When these types of practices are challenged, the courts referee. In the first three years of the Trump administration, for instance, federal judges have halted numerous proposed changes under immigration laws, prompting the White House to issue an Oct. 11 statement titled, “Activist Judicial Rulings Block the Administration From Enforcing Our Nation’s Immigration Laws.” Many of these cases are on appeal.
The most enduring U.S. Supreme Court decision dealing with the balance between executive and legislative authority came after President Harry Truman signed Executive Order 10340, which placed all U.S. steel mills under federal control during the Korean War. In 1952, the Supreme Court ruled 6-3 in Youngstown Sheet & Tube Co. v. Sawyer that Truman had overstepped his authority because he attempted to make law rather than clarify an existing piece of legislation.

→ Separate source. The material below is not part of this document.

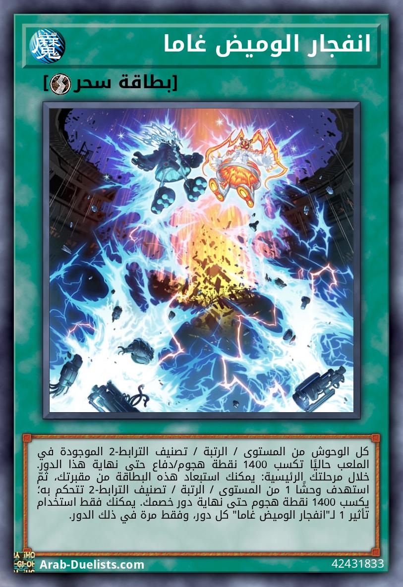 كل الوحوش من المستوى / الرتبة / تصنيف الترابط-2 الموجودة في الملعب حاليًا تكسب 1400 نقطة هجوم/دفاع حتى نهاية هذا الدور. خلال مرحلتك الرئيسية: يمكنك استبعاد هذه البطاقة من مقبرتك، ثمّ استهدف وحشًا 1 من المستوى / الرتبة / تصنيف الترابط-2 تتحكم به؛ يكسب 1400 نقطة هجوم حتى نهاية دور خصمك. يمكنك فقط استخدام تأثير 1 لـ"انفجار الوميض غاما" كل دور، وفقط مرة في ذلك الدور.

Justice Robert Jackson, in a concurring opinion, put forth a three-part test that is still relied upon by courts today in navigating conflicts between executive and legislative authority. Jackson said the president’s powers were at their height when he had the direct or implied authorization from Congress to act; at their middle ground or “a zone of twilight,” as he put it, when acting without either a congressional grant or denial of authority; and “at its lowest ebb” when a president acted against the expressed wishes of Congress.

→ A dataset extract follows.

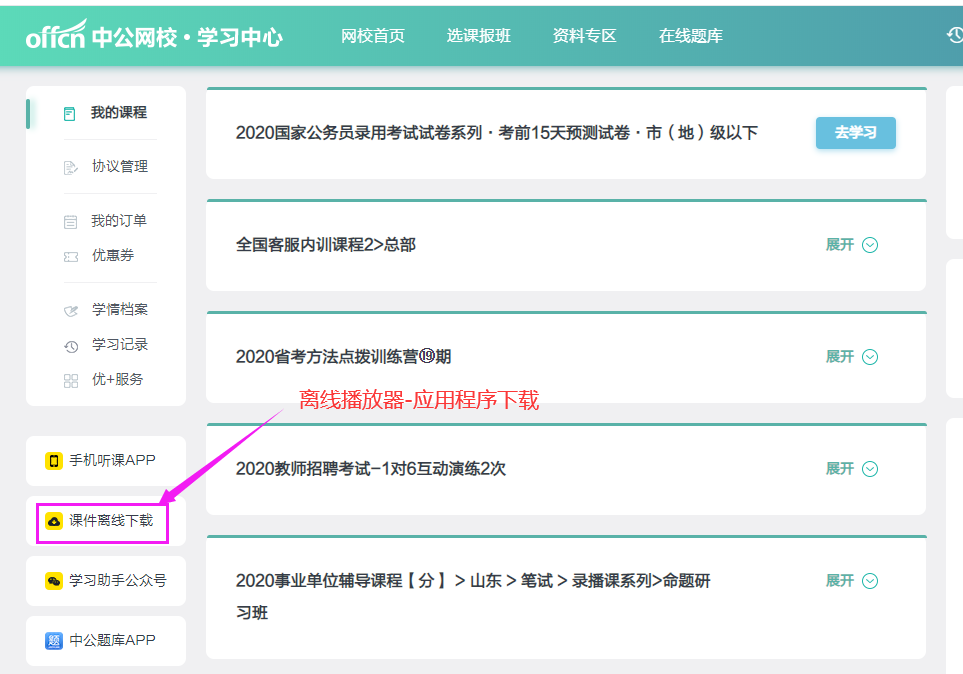 方法二:电脑登录中公网校学习中心(http://xue.eoffcn.com/web/),点击左侧的“课件离线下载”,进行下载安装。

Two decades later, President Richard Nixon attempted to block a special prosecutor’s attempt to secure presidential recordings as part of the Watergate investigation. His attorneys argued both separation of powers and confidentiality. But in U.S. v. Nixon, a unanimous Supreme Court ruled that “neither the doctrine of separation of powers nor the need for confidentiality of high-level communications, without more, can sustain an absolute, unqualified presidential privilege of immunity from judicial process under all circumstances.”
“Absent a claim of need to protect military, diplomatic or sensitive national security secrets, we find it difficult to accept the argument that even the very important interest in confidentiality of Presidential communications is significantly diminished by production of such material for in camera inspection with all the protection that a district court will be obliged to provide,” the court ruled.

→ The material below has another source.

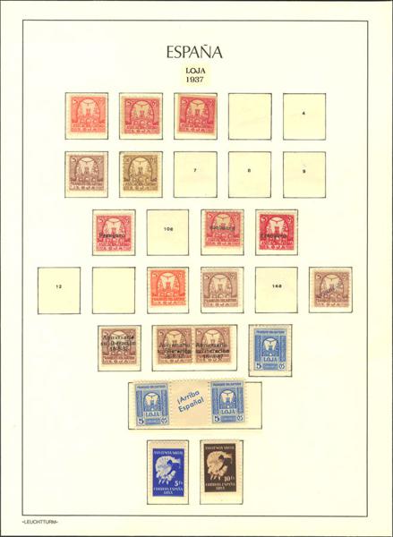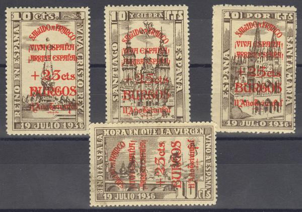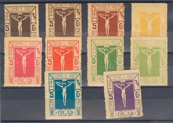 ★(1936ca). Spectacular set of local charitable stamps from Tafalla, toothed and untoothed and some overloaded (they are probably all the known ones). TO EXAMINE.

The extent of presidential power in foreign and military matters remains largely undefined. In Zivotofsky v. Kerry in 2016, the Supreme Court struck down a congressional mandate that allowed a person born in Jerusalem to record the place of birth on a U.S. passport as “Israel.” The court said this section in a State Department authorization act constituted an infringement of the separation of powers, because the president’s power to recognize foreign sovereigns is exclusive and overrides Congress’s authority to regulate passports. The court also noted that in separation-of-powers cases it puts “significant weight upon historical practice.”
The separation-of-powers argument is likely to move to the public forefront in the coming months as battles between the executive and legislative branches regarding oversight and impeachment play out in the courts. In these cases, judges would be expected to consider legal precedent and the continued viability of Justice Jackson’s enduring three-prong test.